Integration of strategic behavior design into MIT

Integration of behavioral support into mobile technology is not new. However, not all behavioral support is equal. Four dimensions of behavioral support can be used to help determine the value of one support system versus another (see Figure 1). Evaluation questions to consider include the following:

• Behavioral guidance. Are all individuals using the application guided to the same self-care behaviors or is each individual guided to focus on targeted behaviors related to their specific clinical treatment plan?
• Ecological approach. Does the application provide behavioral support via patient coaching only, or does it have multiple mechanisms to support patients in their daily self-care actions?
• Intervention design. Is the behavioral support provided to an individual based solely on initial understanding of their situation-based assessments at the time of registration, or does the system have the capacity to identify new self-care barriers and adjust behavioral support to emergent needs?
• Individualized content. Does the user receive the same generic message content as everyone else, or does the user receive tailored messages based on clinical, behavioral and psychosocial factors that influence health?

Many health and wellness applications offer rudimentary behavioral support that incorporates a subset of these four dimensions. Only an MIT addresses complex human behavior with a dynamic, adaptive approach and tailored patient coaching to meet the needs of a diverse range of individuals in multiple healthcare settings.

Comprehensive behavioral support for diabetes self-management

WellDoc applies this framework as the basis for its MIT behavioral design. Specifically, the system integrates clinical and behavioral algorithms that guide patients’ self-management and providers’ clinical decision support. It provides advice about a patient’s medication, diet, and physical activity regimen, all based on the individual patient’s patterns.

The system also coordinates behavioral support at multiple levels of the healthcare ecosystem, including the patient and his or her social support and healthcare teams. Not only does a patient receive coaching messages, his or her physician receives actionable clinical decision support recommendations on how to address the patient’s self-reported perceptions of health or barriers to self-care practices (e.g., adherence to a new medication). A patient’s designated caregiver or family member can also receive information that enables him or her to assist the patient with daily self-care.

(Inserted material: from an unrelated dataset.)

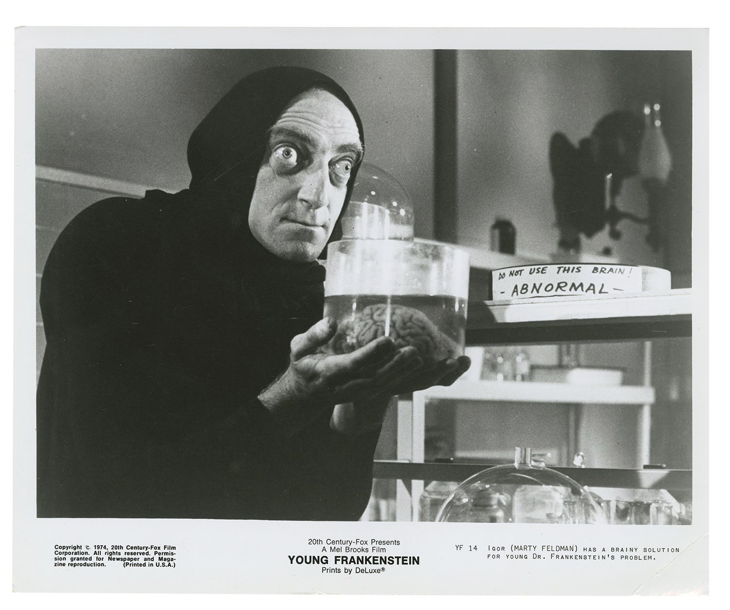 (20th Century Fox, c.1970s) A set of (3) wonderful publicity photos of Marty Feldman. These photos feature Feldman in his iconic role of Igor in Young Frankenstein, as well as an additional color photo and black and white photo. The photos measure approximately 8"x10" and are in good overall condition with some surface and edge wear from use.
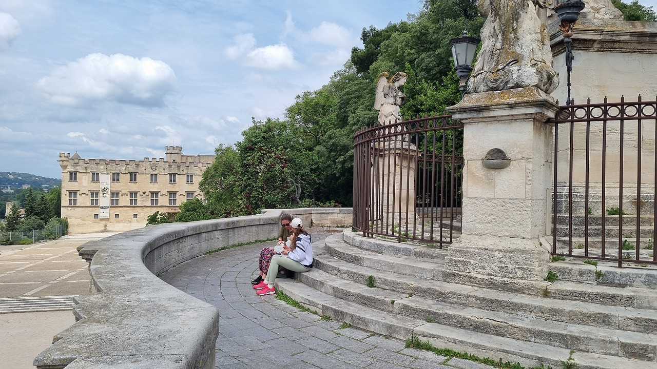 주차를 한 후 좁은 골목길을 이리저리 꺾으며 10여분 정도 걸으니 작은 언덕에 크고 아름다운 석조건물이 보인다. 가파른 좁은 계단이 계속된다. 계단을 다 오르니, 이곳은 교황청 뒤쪽으로서, '로쉐 데 돔'이라 부르는 정원이다. 이곳 로쉐 데 돔은 선사시대부터 사람들이 거주하던 장소로, 여러 유적들이 발견되었다고 한다. 로마 시대에도 중요한 지역이었으며, 중세 시대에는 방어 목적으로 사용되었다고 한다. 정원 안에는 많은 예술 작품과 조각, 그리고 아름다운 분수가 있다. '폰타나 데 돔(Fontaine des Doms)' 분수는 이곳의 랜드마크 중 하나라 한다.

Additionally, the system has the capacity to use patien-provided data to deliver behavioral support that adapts as the patient’s life changes. For instance, the system is designed to support patients while in the workforce and then adapt to address new self-care issues that typically occur upon retirement.

Most importantly, such a system provides individualized patient messages to deliver the right information at the right time to support the development of healthy, long-term self-care habits. Immediate and contextually relevant feedback motivates patients to integrate new behaviors into their daily routines.

Messages are especially powerful when they come in the form of recommendations based on the analysis of a patient’s longitudinal data (e.g., multiple high blood glucose levels on a given day of the week) and follow-up questions related to personal circumstances associated with the data trends (e.g., eating out, family or cultural traditions related to eating, etc).

Conclusion: Addressing the whole patient

Mobile technologies in healthcare need to address the whole patient. Too many health and wellness applications available today merely offer superficial features that have limited impact and have not demonstrated health outcomes. The efficacy of MIT has been proven in clinical trials and serves as a beacon of what is possible when the appropriate clinical and behavioral algorithms are combined to create a true patient-centric solution.